Above I have presented my reasoning for why this might be. But I think what it tells us that genetic data can informs us when there is a demographic turnover, and therefore a cultural turnover, but it will miss cultural turnovers which don’t have demographic impacts. These are many. To give a few examples, the rise of Islam in South Asia and Southeast Asia, the Latinization of the Western Mediterranean, the de-Latinization of Britain after the withdrawal of Roman legion and before the mass arrival of Saxons, and arrival of Buddhism in East Asia. All these are massive historical and cultural events, but they would not be visible in the genetic record.

Addendum: The migration of the Slavs, Anglo-Saxons, and the Islamic Empires, all seem to differ from antiquity in having a major demographic impact.
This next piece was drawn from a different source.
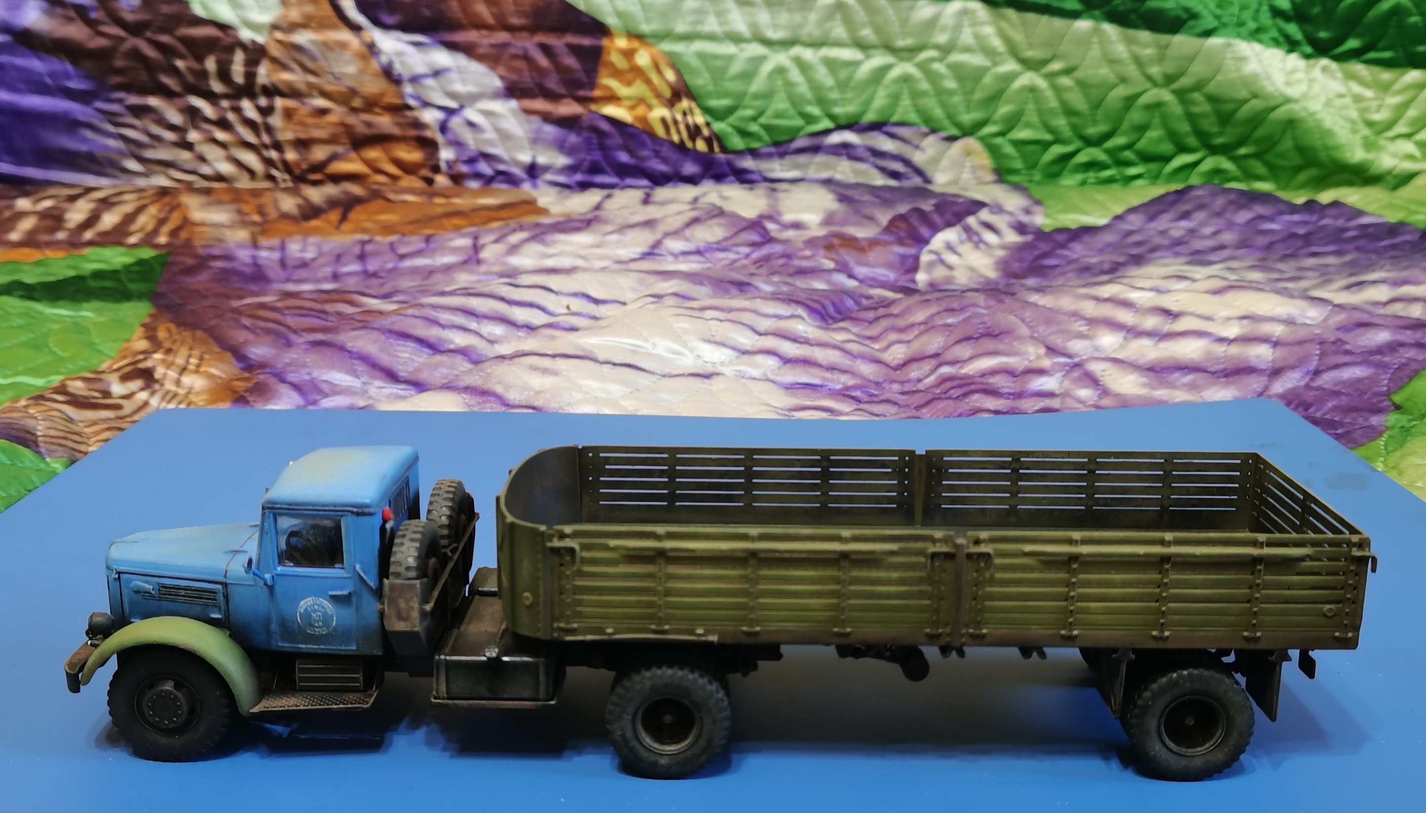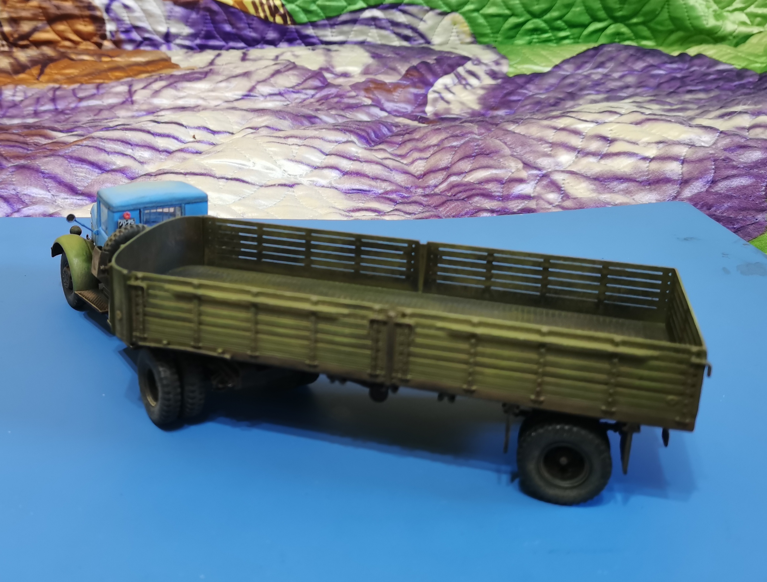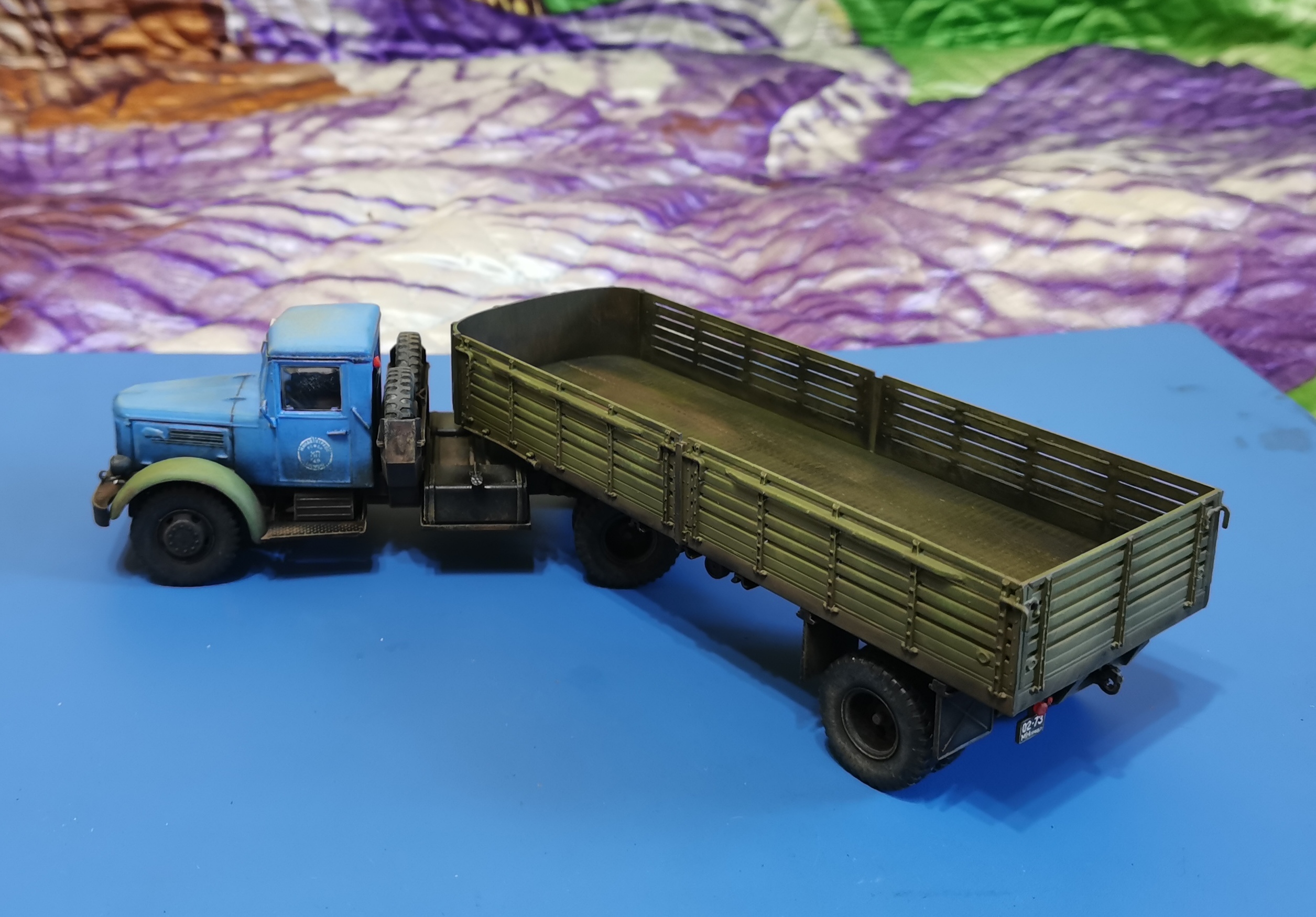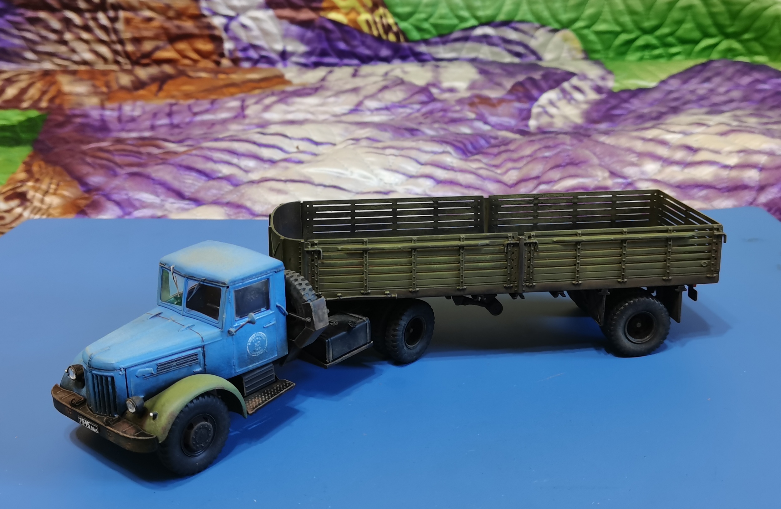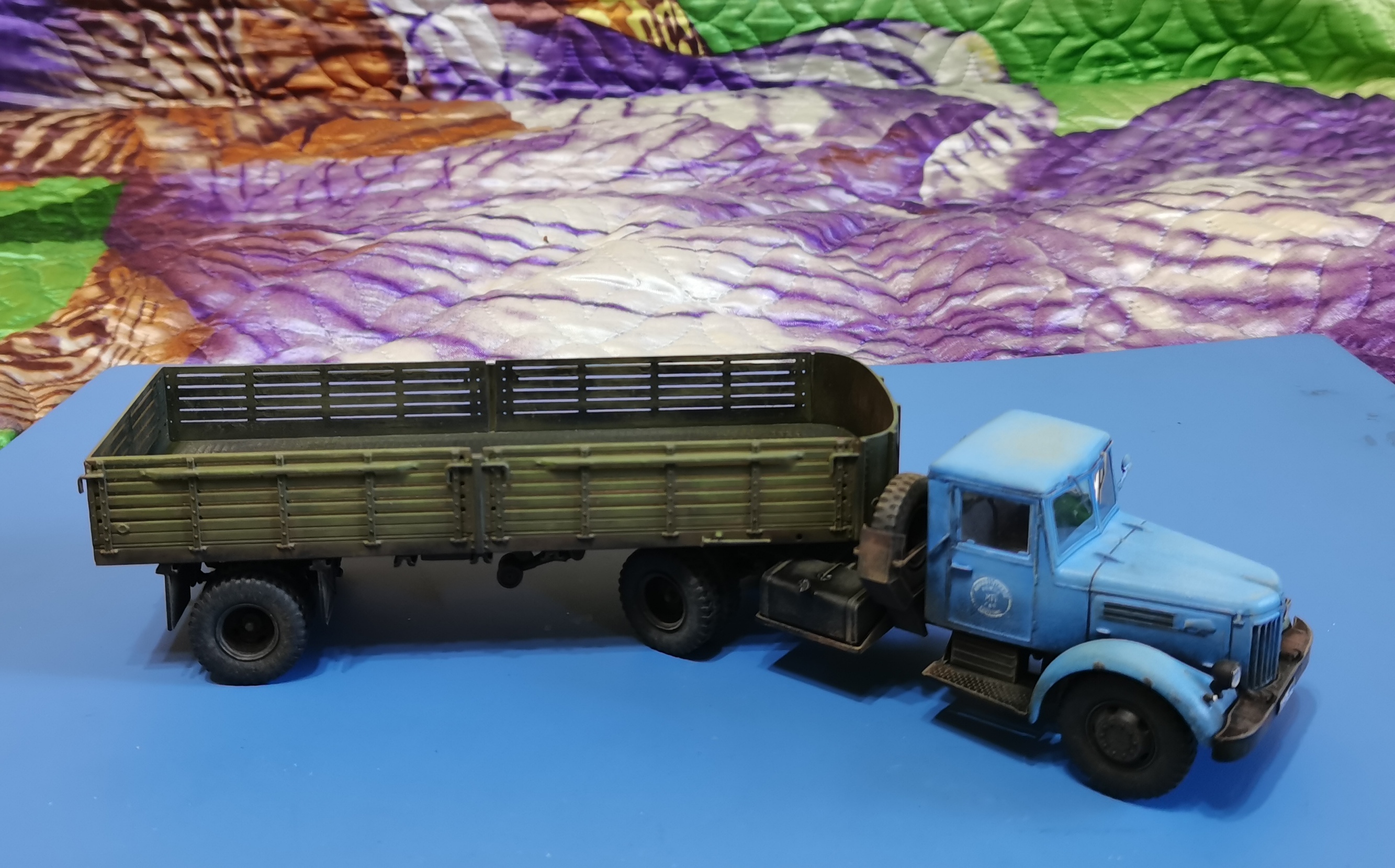 Дорогие Друзья! Представляю очередную работу автозавода, МАЗ-200В с п/п МАЗ-5215. Покраска проводилась кистью акрилом от Звезды, за исключением рам тягача и п/п XF-85 TAMIYA. Смывка мяслянные краски+растворитель для маслянных красок. В качестве пигмента использовал маслянную пастель "Сонет" Невская палитра. Глянцевый и матовый лаки в аэрозольных баллончиках TYTAN. Идею покраски подсмотрел на просторах интернет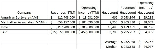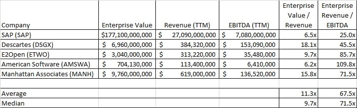 These are some metrics from public companies in the supply chain management space. When referencing public companies, your private company will usually be valued at a discount. Public companies have annual audits by independent accountants, have to comply with Sarbanes Oxley, and other regulations like the Foreign Corrupt Practices Act. Also, a public company’s equity is liquid — you can buy and sell it on stock exchanges. Private companies can’t do that. The size and revenues are also different. If your firm is $35 million in the size you cannot expect to command the same valuation as a Google or SAP. Typically the enterprise private firms are discounted by 30% to 40% in comparison to public companies.

Why? In the case of massive institutional collapse, as in the first two cases, very old dynamics of inter-group competition arise, and famine probably does the rest of the trick. For Islam, it was a genuinely cosmopolitan civilization, with a more complex gradation between free and slave than in antiquity. Though it was quite brutal, African and Turkish slaves became free, and their genetic impact can be seen throughout the Islamic world.
* Like Spain, a substantial proportion of the Sicilian gene flow exchange is almost certainly due to the Islamic period. There are segments of North African and Sub-Saharan ancestry in Sicilians, albeit to a smaller extent than in Spain (in keeping with the shorter time period as part of the Islamic world).